**** INPUT MATERIAL ****

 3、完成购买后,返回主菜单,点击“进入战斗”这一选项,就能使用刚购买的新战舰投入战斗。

****
**** INPUT MATERIAL ****

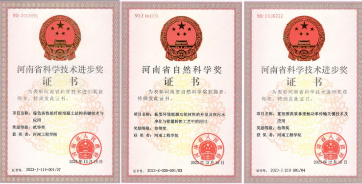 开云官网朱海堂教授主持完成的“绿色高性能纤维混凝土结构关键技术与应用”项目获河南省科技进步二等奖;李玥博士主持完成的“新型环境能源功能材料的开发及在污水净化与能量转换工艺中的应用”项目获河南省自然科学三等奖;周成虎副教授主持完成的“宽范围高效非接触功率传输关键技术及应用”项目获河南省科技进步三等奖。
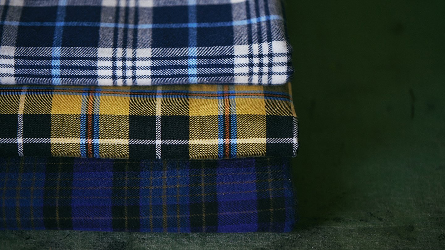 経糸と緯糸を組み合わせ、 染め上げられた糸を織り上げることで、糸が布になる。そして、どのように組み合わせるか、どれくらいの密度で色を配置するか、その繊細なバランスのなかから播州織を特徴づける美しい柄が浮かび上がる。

****

#### WHAT YOU HAVE TO DO:
Lines wanted from the entries above: the one with "开云官网朱海堂教授主持完成的", the one with "経糸と緯糸を組み合わせ、 染", and all lines between. Please copy them exactly, without the pictures and without anything else.

#### RESPONSE:
 开云官网朱海堂教授主持完成的“绿色高性能纤维混凝土结构关键技术与应用”项目获河南省科技进步二等奖;李玥博士主持完成的“新型环境能源功能材料的开发及在污水净化与能量转换工艺中的应用”项目获河南省自然科学三等奖;周成虎副教授主持完成的“宽范围高效非接触功率传输关键技术及应用”项目获河南省科技进步三等奖。
 経糸と緯糸を組み合わせ、 染め上げられた糸を織り上げることで、糸が布になる。そして、どのように組み合わせるか、どれくらいの密度で色を配置するか、その繊細なバランスのなかから播州織を特徴づける美しい柄が浮かび上がる。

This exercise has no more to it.